The median of a data set is the middle value in the set. If there is an even number of data points, there will not be an exact middle. In this case, the median is found by taking the average of the two data points closest to the middle.
For example, suppose that the ages for a group of ten students were collected and are listed below:
9, 11, 13, 11, 8, 7, 13, 9, 9, 12
To find the mean of this data set add together all of the values and divide by the total number of values.
To find the mode and median of a data set, it is helpful to reorder the set from lowest to highest.
7, 8, 9, 9, 9, 11, 11, 12, 13, 13
Now we can see that the mode of the data set is 9, since 9 occurs 3 times, which is more than any other data point.
Since the data set has an even number of values, there are two values in the middle: 9 and 11. To find the median, you must average 9 and 11; therefore, the median of the data set is 10.
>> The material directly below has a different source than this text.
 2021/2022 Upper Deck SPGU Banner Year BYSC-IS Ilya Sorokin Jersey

An outlier is a data point that is far outside of the normal range of the data set. It is far away from the rest of the data points. For example, suppose that some daily high temperatures in the month of May for a particular area are given below in degrees Fahrenheit:
66, 56, 61, 45, 48, 52, 23, 66, 53, 58, 59
Reordering gives 23, 45, 48, 52, 53, 56, 58, 59, 61, 66, 66
The mean of this data is (66 + 56 + 61 + 45 + 48 + 52 + 23 + 66 + 53 + 58 + 59) / 11 = 53.364
The mode of the data is 66 since this value occurs twice.
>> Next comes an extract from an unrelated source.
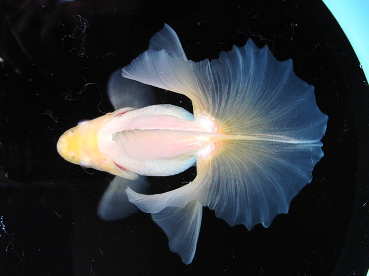 最も薄い青水のプラ舟(換水後) |

The median is 56, since that is the middle value.
However, the temperature of 23 degrees is an outlier, because there is a 22-degree difference between it and any other temperature. Therefore, we can remove this outlier from the data and calculate the mean, mode, and median again to get a better description of the central tendencies of this data set.
45, 48, 52, 53, 56, 58, 59, 61, 66, 66
After the temperature of 23 is discarded, the new mean is 56.4. The mode of the data is still the same in this case since 66 is the only temperature that occurred more than once. The median is now the average of 56 and 58, which is 57 degrees since now there are only ten data points.
A scatterplot is a graph made up of points in the x–y plane, that show a relationship between two variables x and y.
If the points go up as x increases, then there is a positive correlation between the two variables. For example, there is a positive correlation between the temperature outside and ice cream sales, since as it gets hotter, ice cream sales increase.
If the points go down as x increases, then there is a negative correlation between the two variables. For example, there is usually a negative correlation between the number of absences a student has and their grade, since as the absences increase their grade usually decreases.
If the points on the scatterplot don’t follow any pattern as x increases, then there is no correlation between the variables. Here are some examples of scatterplots below:
By finding a line of best fit on a scatter plot, predictions can be made about future data points.
For example, a line of best fit is shown for the scatterplot below:
Using this line, we can estimate that when the temperature is 21 degrees Celsius, ice cream sales are around $460.